=== Assignment ===
Repeat exactly the lines of the records below, starting at the line containing "Prato de sobremesa" and ending at the line containing "Modern Edge Decorative". Leave the pictures out.

=== The data ===
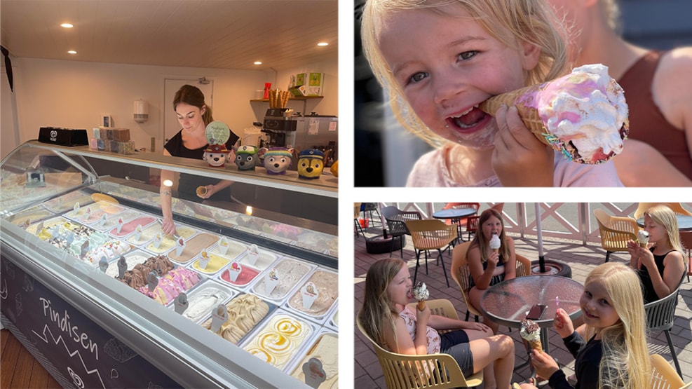 On the harbor sits Pindisen, always offering a wide selection of ice cream for every taste. If you fancy a good old-fashioned waffle cone, it's, of course, topped with airy whipped cream that's always freshly made.
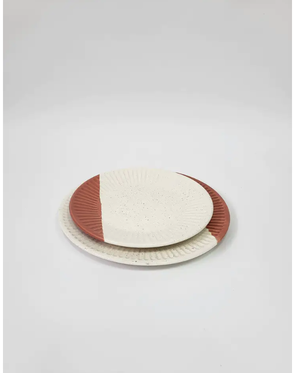 Prato de sobremesa pintado à mão, em faiança, com pormenor de linhas com relevo e detalhe terracota.
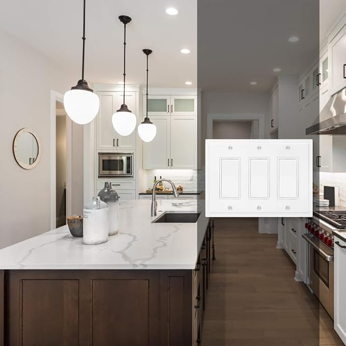 Modern Edge Decorative Wall Plate Switch Plate Outlet Cover, Durable Solid Zinc Alloy (Triple Decorator, White)
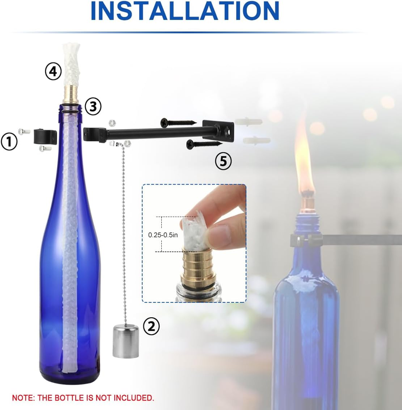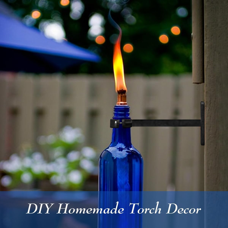 Wine Bottle Torch Kit, Outdoor Patio Wall Mount Holder with Wick, Porch Whiskey Bottle Hardware Kit, DIY Homemade Decor
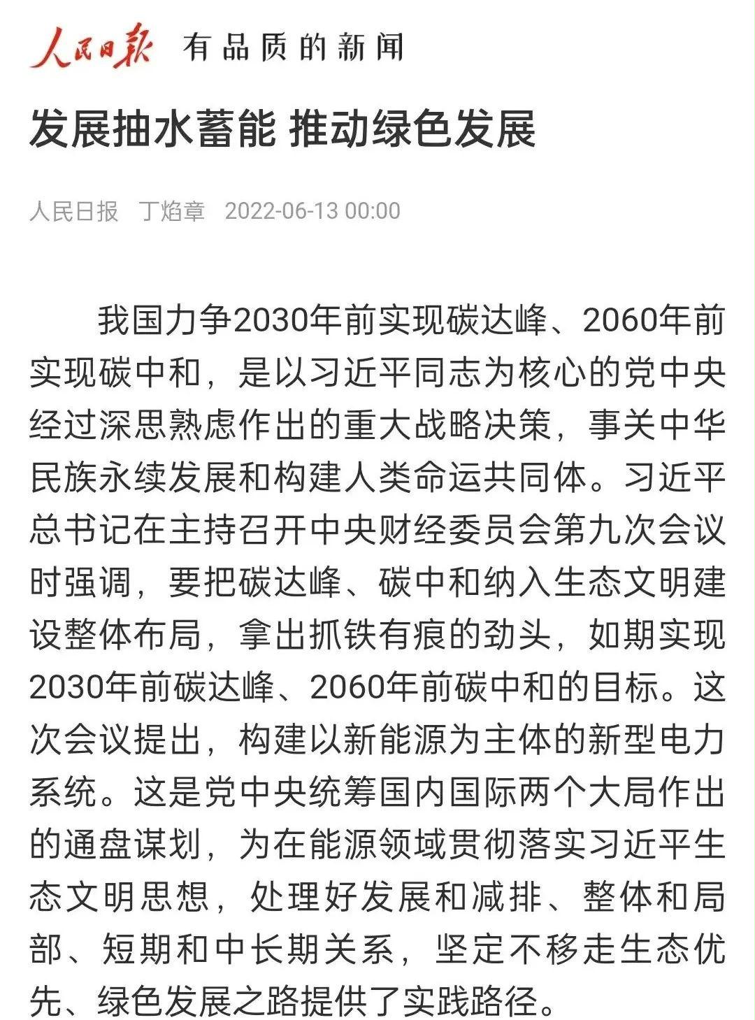 6月13日,公司党委书记、董事长丁焰章在《人民日报》发表署名文章《发展抽水蓄能 推动绿色发展》,为公司新阶段抽水蓄能业务描绘出了“作战图”,各单位在“抢”字上发力,积极与地方政府高端对接,以抽水蓄能项目为主线,通过签订战略协议或投资开发协议,统筹谋划“风电、光伏、抽蓄”一体化清洁能源基地,提前锁定抽水蓄能建设项目资源。
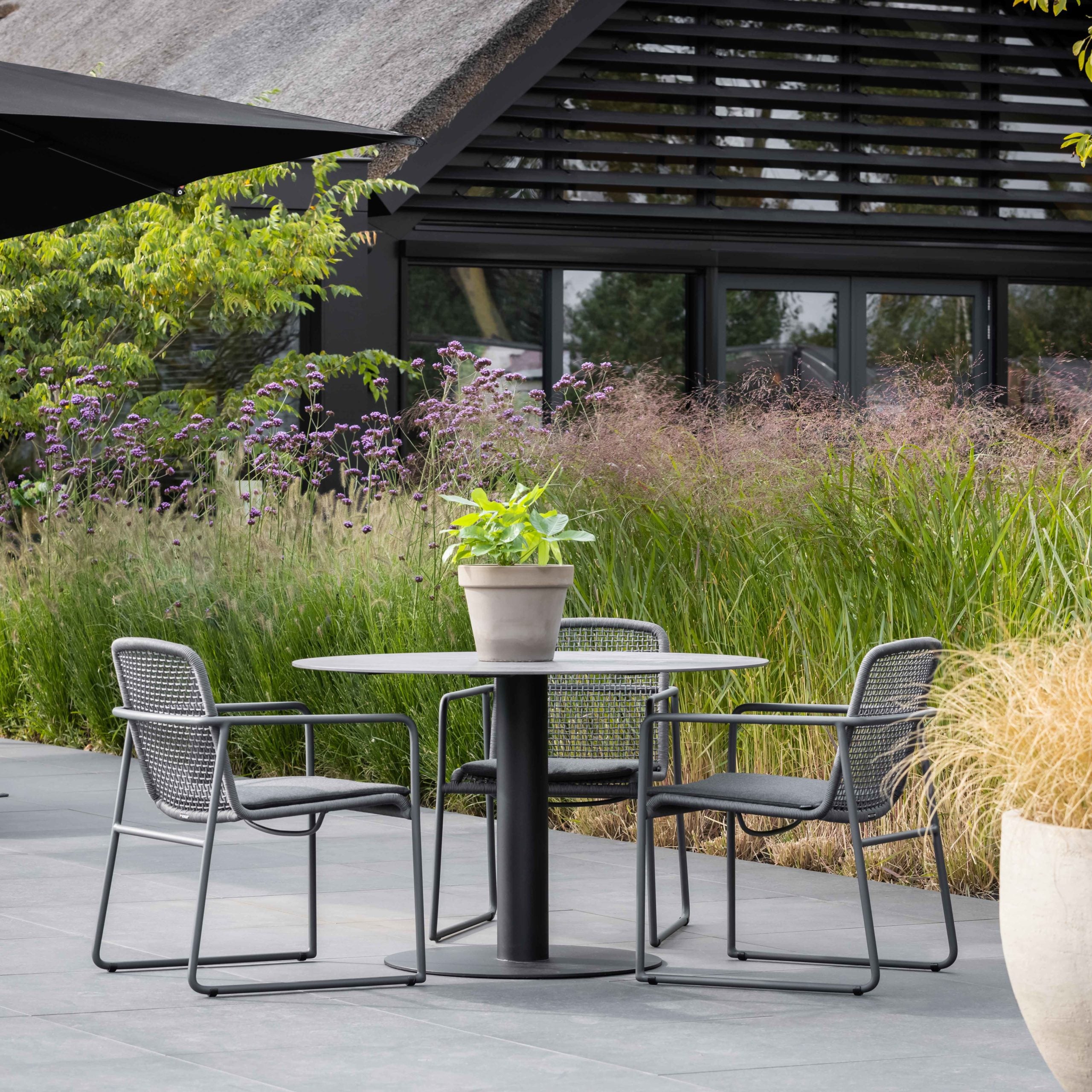 Stoel Mira vormt met Peniche een succes combi. Een fijne stoel met een actieve zit van Ardenza Rope, zowel in low als high dining. Relax around the clock.

=== Exercise output ===
 Prato de sobremesa pintado à mão, em faiança, com pormenor de linhas com relevo e detalhe terracota.
 Modern Edge Decorative Wall Plate Switch Plate Outlet Cover, Durable Solid Zinc Alloy (Triple Decorator, White)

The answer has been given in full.